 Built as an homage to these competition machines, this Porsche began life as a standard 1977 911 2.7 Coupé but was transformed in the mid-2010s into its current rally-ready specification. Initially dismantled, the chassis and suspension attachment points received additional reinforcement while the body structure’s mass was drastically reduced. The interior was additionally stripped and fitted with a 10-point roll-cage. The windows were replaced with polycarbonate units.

==

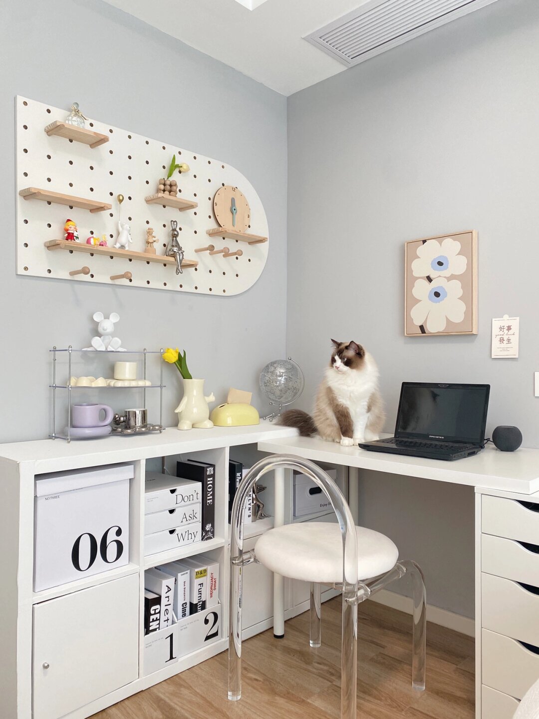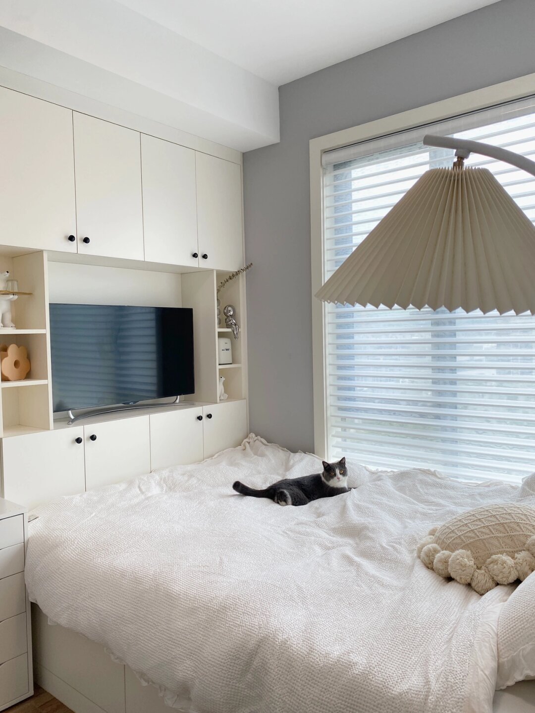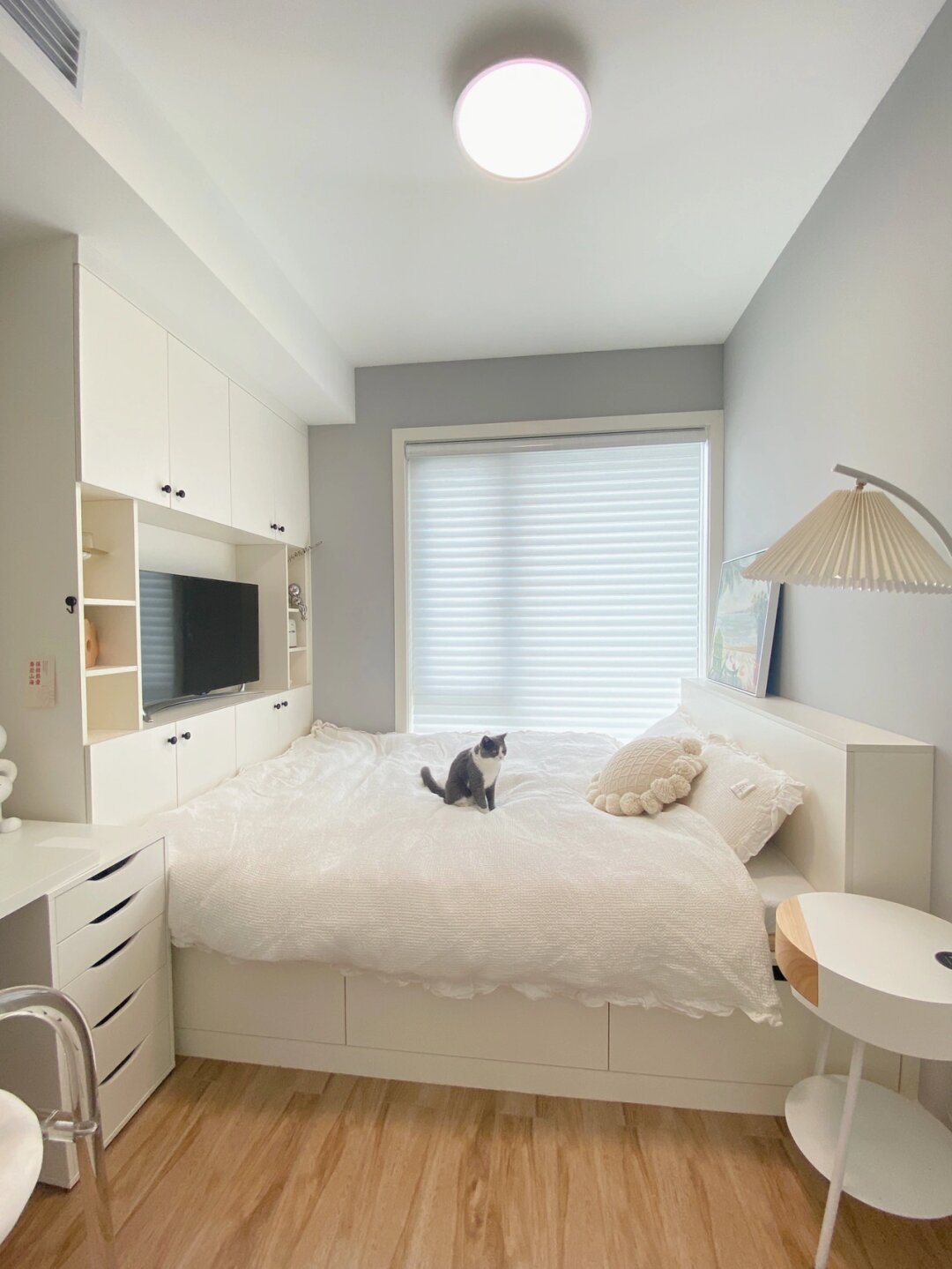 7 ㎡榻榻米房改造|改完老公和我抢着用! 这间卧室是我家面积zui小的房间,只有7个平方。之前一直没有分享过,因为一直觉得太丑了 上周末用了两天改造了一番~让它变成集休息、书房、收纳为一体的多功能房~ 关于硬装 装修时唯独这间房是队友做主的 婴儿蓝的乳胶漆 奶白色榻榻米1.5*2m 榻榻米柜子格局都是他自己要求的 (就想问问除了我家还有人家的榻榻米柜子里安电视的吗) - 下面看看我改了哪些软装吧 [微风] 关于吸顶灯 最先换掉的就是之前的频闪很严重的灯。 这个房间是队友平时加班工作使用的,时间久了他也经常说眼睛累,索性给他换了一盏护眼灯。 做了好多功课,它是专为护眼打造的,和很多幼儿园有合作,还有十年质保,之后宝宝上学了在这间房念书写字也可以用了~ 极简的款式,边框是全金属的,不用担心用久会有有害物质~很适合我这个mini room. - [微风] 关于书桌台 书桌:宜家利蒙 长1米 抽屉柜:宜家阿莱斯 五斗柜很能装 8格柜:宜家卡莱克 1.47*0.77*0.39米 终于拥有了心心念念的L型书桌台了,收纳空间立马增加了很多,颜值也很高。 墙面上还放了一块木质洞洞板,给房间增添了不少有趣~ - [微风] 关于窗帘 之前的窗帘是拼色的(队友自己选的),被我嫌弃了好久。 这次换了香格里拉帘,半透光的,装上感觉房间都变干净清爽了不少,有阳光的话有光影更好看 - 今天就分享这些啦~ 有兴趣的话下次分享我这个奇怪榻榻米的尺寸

...

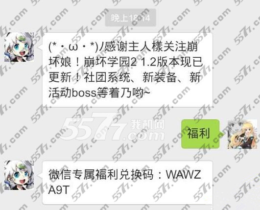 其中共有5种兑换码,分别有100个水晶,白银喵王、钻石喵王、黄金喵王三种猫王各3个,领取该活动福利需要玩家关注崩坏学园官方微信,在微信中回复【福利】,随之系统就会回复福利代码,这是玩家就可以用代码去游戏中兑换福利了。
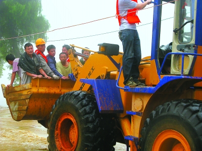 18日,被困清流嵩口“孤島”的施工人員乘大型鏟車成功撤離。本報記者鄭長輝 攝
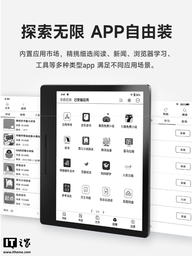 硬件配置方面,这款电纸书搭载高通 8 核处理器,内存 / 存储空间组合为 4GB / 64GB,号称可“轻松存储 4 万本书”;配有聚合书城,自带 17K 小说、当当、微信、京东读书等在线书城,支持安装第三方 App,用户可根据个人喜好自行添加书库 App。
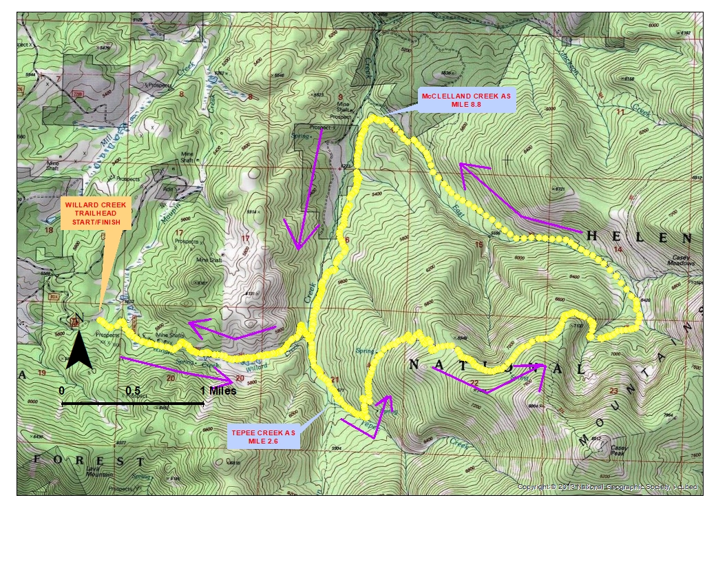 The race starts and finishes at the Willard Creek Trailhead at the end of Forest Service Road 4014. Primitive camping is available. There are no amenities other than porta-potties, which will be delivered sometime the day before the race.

**Description of the task:** Set the pictures aside and reproduce exactly the lines above, from the line holding "硬件配置方面,这款电纸书搭载高通 8 核处理器,内存" through the line holding "The race starts", both included, with nothing else.

**Answer to this task:**
 硬件配置方面,这款电纸书搭载高通 8 核处理器,内存 / 存储空间组合为 4GB / 64GB,号称可“轻松存储 4 万本书”;配有聚合书城,自带 17K 小说、当当、微信、京东读书等在线书城,支持安装第三方 App,用户可根据个人喜好自行添加书库 App。
 The race starts and finishes at the Willard Creek Trailhead at the end of Forest Service Road 4014. Primitive camping is available. There are no amenities other than porta-potties, which will be delivered sometime the day before the race.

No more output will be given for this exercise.